Exercise data Block Start
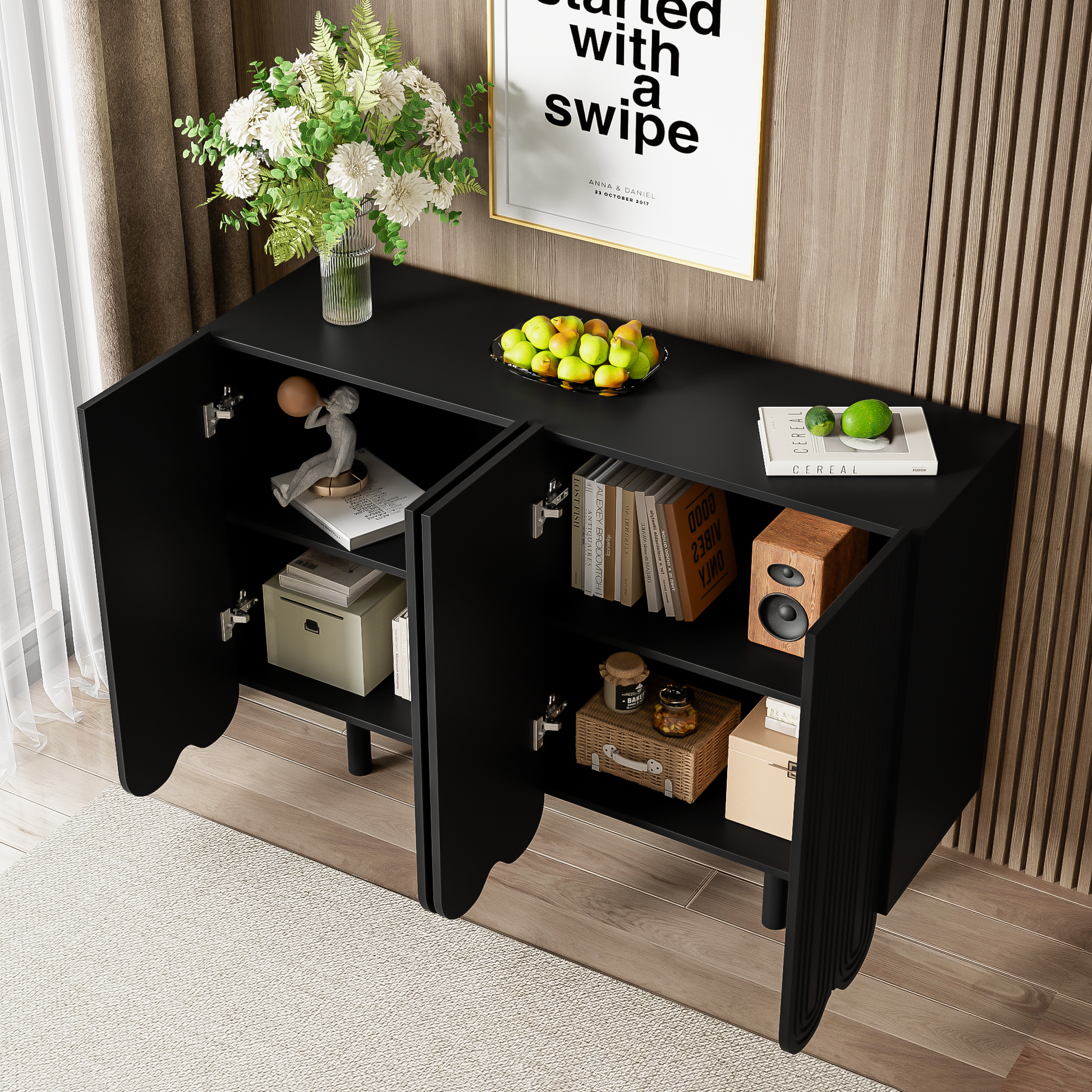 This exquisite modern sideboard combines functionality with aesthetic appeal, making it the highlight of your living room. The four doors are adorned with intricate teardrop-shaped carvings, adding an artistic touch and unique character to the room. Behind each door is a thoughtfully designed shelf, providing ample storage space to organize your belongings, allowing you to effortlessly keep your living area tidy and efficient.
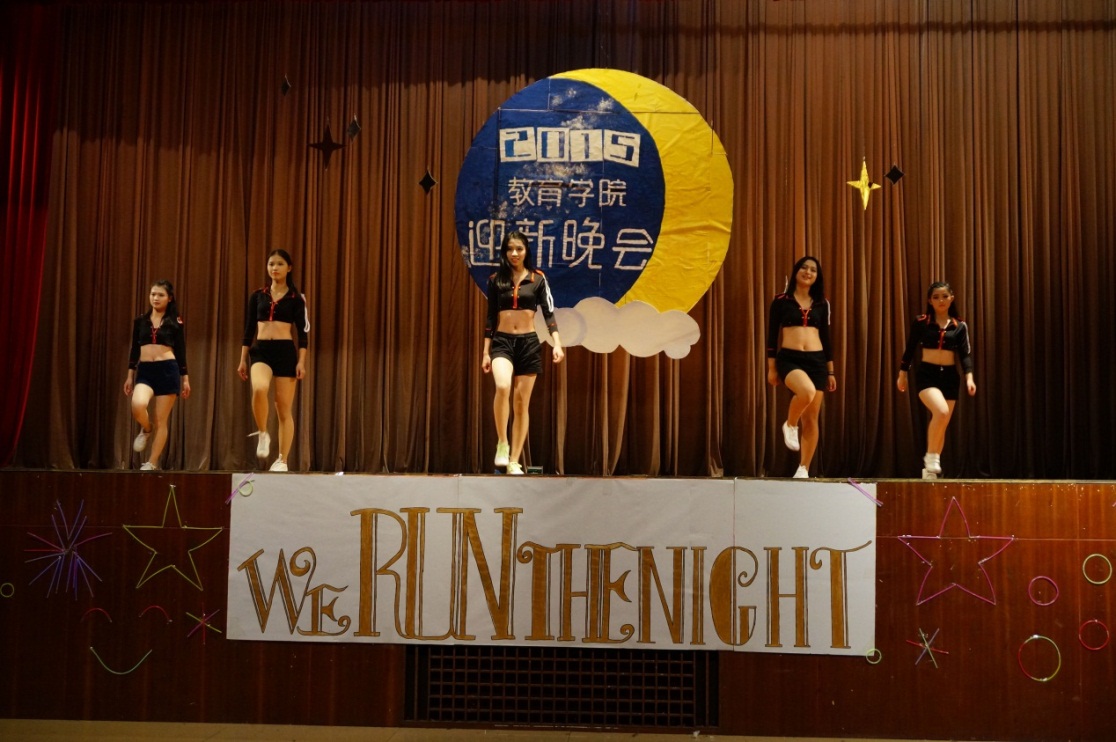 首先,英教艺术团舞队以一支充满韵律和动感的爵士舞暖和了现场因天气寒冷引发的僵冻,整个迎新晚会的喜庆气氛一下子被带开了。接着画风一转,只见四位身着白色连衣裙的女生,伴着温婉舒缓的音乐,在灯光照耀下起舞。
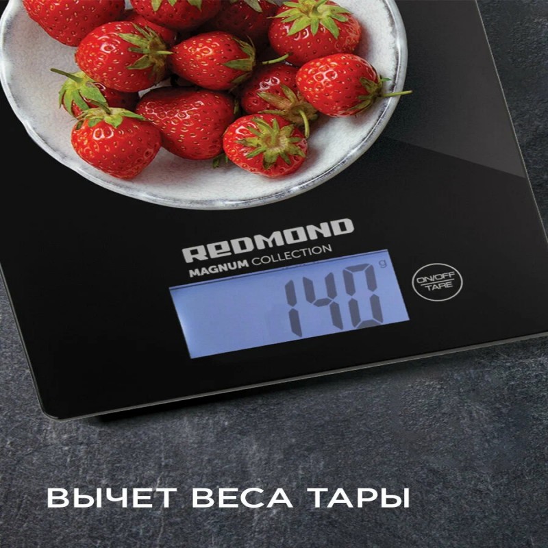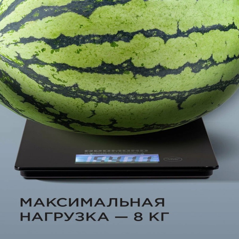Модель предназначена для взвешивания продуктов весом до 8 кг — можно положить на платформу даже арбуз.
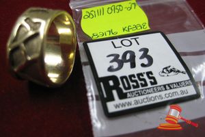 A STAMPED 22CT YELLOW GOLD SIGNET RING. RECTANGULAR 'DIA CUT' TOP/HEAD, VALUATION $240.00, 6.6 WEIGHT, 20.05 MM DIAM (IMS NO - 081211 1010 11064/3) (KF3282)
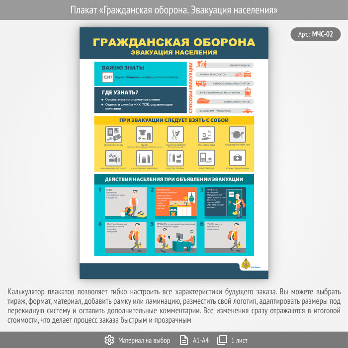 Плакат «Гражданская оборона. Эвакуация населения» (МЧС-02, 1 лист) в Волгограде купить
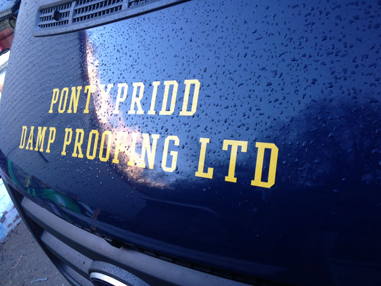 Pontypridd Damp Proofing’s van was booked in to the Customised Signs workshop and the vehicle graphics were expertly applied to the font, back and side panels of the van by our in house Fitting Team.
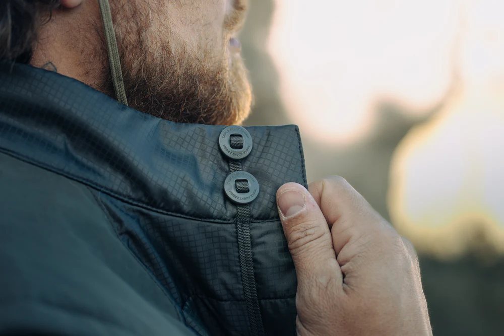 Design details and construction underscore TAD’s commitment to quality and functionality. The vest features quilted panels with the Power Fill insulation interior. The centre front utilises a button placket with TAD slotted signature buttons (30L), affixed with robust tubular flat lace – these are Canadian tape buttons designed for exceptional durability and quick, reliable in-field repairs. Side panels are built with robust ⅛” double needle stitching, while single needle edge stitching is used at overlays, pockets, and the collar. Elastic Binding at the cuff and hem provides a snug fit.
Exercise data Block End
## What you need to do
Without any pictures, reproduce exactly the lines from the line that contains "A STAMPED 22CT" to the end of the entries above, both ends included.

## Worked solution
 A STAMPED 22CT YELLOW GOLD SIGNET RING. RECTANGULAR 'DIA CUT' TOP/HEAD, VALUATION $240.00, 6.6 WEIGHT, 20.05 MM DIAM (IMS NO - 081211 1010 11064/3) (KF3282)
 Плакат «Гражданская оборона. Эвакуация населения» (МЧС-02, 1 лист) в Волгограде купить
 Pontypridd Damp Proofing’s van was booked in to the Customised Signs workshop and the vehicle graphics were expertly applied to the font, back and side panels of the van by our in house Fitting Team.
 Design details and construction underscore TAD’s commitment to quality and functionality. The vest features quilted panels with the Power Fill insulation interior. The centre front utilises a button placket with TAD slotted signature buttons (30L), affixed with robust tubular flat lace – these are Canadian tape buttons designed for exceptional durability and quick, reliable in-field repairs. Side panels are built with robust ⅛” double needle stitching, while single needle edge stitching is used at overlays, pockets, and the collar. Elastic Binding at the cuff and hem provides a snug fit.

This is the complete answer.